The City of Edmonton approved the shelter on Nov. 23. It is located in a Hope Mission warehouse east of the Avonmore neighbourhood, near 75th Street and Argyll Road.
Pure Edmonton Casino and another nearby business appealed to the Edmonton Subdivision and Development Appeal Board in December. In a Jan. 13 decision, the board denied the appeal.
Tim Pasma, Hope Mission's manager of homeless programs, said the shelter is intended to be used when the temperature is extremely cold or when fires or maintenance issues affect other shelters in the city.
He said the converted warehouse will not be open 24/7 and it won't be open for walk-ins.
Hope Mission plans to use two 24-seat buses to transport people between the new shelter and downtown.
"It was always intended to just be a safety valve for us," Pasma said.
He said he anticipates the shelter will open, if needed, in late January or early February and it will close at the end of April.
Funding for the shelter is coming from the province.
During the appeal hearing earlier this month, a handful of businesses argued against the shelter being approved.
David Robinson, a business owner who owns a property nearby, said in the hearing that the shelter would result in increased crime in the area and could potentially lead to increased insurance costs. He declined an interview with CBC News on Wednesday.
Pure Canadian Gaming Corp.'s legal team said during the hearing that the nearby Pure Casino Edmonton had not been notified about the proposal until mid-December and the company was concerned about theft, vehicle damage and negative effects on revenues.

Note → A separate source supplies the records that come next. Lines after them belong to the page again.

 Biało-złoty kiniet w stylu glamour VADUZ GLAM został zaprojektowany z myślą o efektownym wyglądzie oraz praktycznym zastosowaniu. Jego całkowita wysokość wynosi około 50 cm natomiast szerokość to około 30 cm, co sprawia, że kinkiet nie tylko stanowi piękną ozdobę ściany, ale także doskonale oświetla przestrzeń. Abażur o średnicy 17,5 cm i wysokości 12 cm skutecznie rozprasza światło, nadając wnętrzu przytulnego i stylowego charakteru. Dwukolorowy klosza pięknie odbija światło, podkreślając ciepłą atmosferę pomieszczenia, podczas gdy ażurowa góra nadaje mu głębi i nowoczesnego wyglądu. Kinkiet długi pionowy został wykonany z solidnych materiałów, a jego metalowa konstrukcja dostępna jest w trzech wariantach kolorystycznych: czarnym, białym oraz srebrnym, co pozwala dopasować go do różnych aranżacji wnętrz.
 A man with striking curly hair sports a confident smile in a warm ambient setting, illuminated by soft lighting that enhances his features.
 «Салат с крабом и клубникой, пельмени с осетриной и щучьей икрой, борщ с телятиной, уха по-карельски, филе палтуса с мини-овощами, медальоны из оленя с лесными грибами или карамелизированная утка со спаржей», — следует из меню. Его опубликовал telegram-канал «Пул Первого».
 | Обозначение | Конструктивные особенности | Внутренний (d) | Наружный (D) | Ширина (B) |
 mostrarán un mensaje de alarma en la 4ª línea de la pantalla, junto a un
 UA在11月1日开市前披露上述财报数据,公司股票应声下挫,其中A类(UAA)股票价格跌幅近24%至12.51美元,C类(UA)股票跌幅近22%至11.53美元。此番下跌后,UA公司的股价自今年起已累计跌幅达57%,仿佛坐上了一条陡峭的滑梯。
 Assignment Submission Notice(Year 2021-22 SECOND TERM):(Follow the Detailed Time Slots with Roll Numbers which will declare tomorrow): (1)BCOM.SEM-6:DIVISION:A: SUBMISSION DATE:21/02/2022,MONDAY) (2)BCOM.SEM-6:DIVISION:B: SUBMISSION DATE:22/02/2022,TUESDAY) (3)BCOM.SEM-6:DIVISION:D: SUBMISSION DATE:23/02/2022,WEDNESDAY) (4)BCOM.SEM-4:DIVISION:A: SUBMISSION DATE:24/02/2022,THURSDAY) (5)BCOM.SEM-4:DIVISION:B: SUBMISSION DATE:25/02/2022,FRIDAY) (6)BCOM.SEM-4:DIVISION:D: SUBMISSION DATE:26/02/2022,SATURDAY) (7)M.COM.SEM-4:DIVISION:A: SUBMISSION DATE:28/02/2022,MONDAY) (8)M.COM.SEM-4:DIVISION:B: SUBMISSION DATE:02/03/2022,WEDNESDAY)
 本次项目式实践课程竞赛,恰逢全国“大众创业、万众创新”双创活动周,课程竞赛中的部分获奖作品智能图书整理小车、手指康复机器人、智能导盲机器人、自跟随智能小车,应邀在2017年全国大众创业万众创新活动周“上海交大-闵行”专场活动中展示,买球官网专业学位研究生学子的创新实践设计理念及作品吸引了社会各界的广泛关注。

The legal team also said that putting vulnerable individuals, who may have addictions, close to a casino would likely be risky for them.

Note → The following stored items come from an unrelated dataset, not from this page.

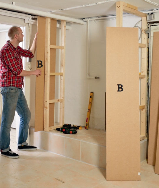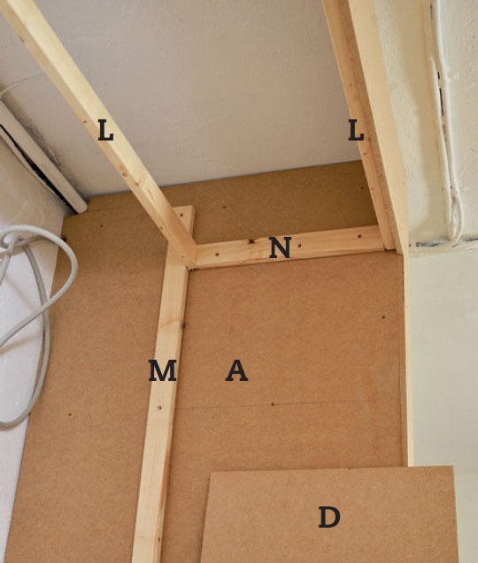 Kaapistossa on nyt kapea tila kellarinseinustalla ja leveä kahden uuden seinän välissä. Kapea tila katetaan kiinteällä takaseinällä, mutta leveä tila pidetään avoimena kahden koneen takana. Koneiden ja leveiden hyllyjen päällä oleva taustaverhoilu pitää voida poistaa helposti, jotta putkiin ja johtoihin päästään käsiksi. Nyt luomme kehyksen kaapiston irrallista taustalevyä varten (pois lukien takaseinä ja leveän seinän katto).
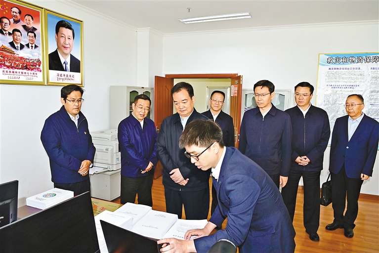 7月29日上午,自治区党委书记王君正到应急管理系统调研。这是在自治区应急管理厅综合减灾救灾和物资保障处,王君正了解相关工作情况。 本报记者 旦增西旦 摄
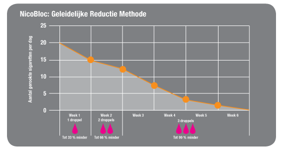 Met onderstaande weergave is te zien hoe de Graduele Reductiemethode precies werkt. In week 1 wordt 1 druppel aangebracht op de filter waardoor 33 % van de opname van nicotine en teer wordt geblokkeerd. In week 2 wordt door 2 druppels 66 % geblokkeerd en vanaf week 3 zorgen 3 druppels voor een bijna volledige blokkering (99 %). In deze periode moet het sigaretten gebruik terug gebracht worden tot op een niveau waarop zelfstandig makkelijk en succesvol gestopt kan worden.
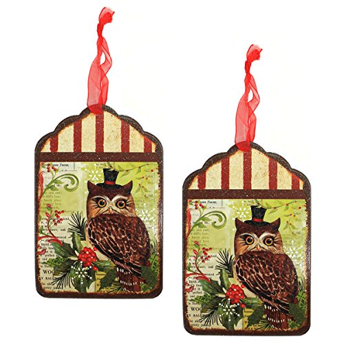Holiday Lane Vintage-Style 6-inch Woodland Owl Print Tin Tag Christmas Ornaments (Set of 2)

Pure Canadian Gaming Corp. has since sold its four Pure Casinos in Alberta. Neither the company nor its lawyer responded to interview requests.
Two other people supported the appellants during the hearing, representing the views of Regency Innovations, a kitchen cabinet manufacturer, and a condo storage complex near the proposed shelter.
They said they were concerned about declining property values and increased traffic and mischief.
The city's development officer said during the hearing that the proposed shelter aligned with the city's plan to end homelessness and would not unduly interfere with the neighbourhood's amenities or property values.
Pasma said Hope Mission understands the community's concerns but also feels a duty to help people experiencing homelessness.
"We're willing to listen to all sides and we want to be partners in finding solutions," he said.
The Emmanuel Foundation, an international development charity that operates out of the building where the shelter will operate, is not opposing the development.
"We would coexist with them," said Lyle Johnson, the foundation's executive director.
Johnson said the charity realizes the city has seen the number of people experiencing homelessness double and beds are needed.
Could shelter be used next winter?
When asked if the temporary shelter could be used in the winter of 2023-24, Pasma said Hope Mission would have to apply for a development permit again.
"As a good neighbour in the community, we would want to because we understand that there's other concerns that we need to address," he said.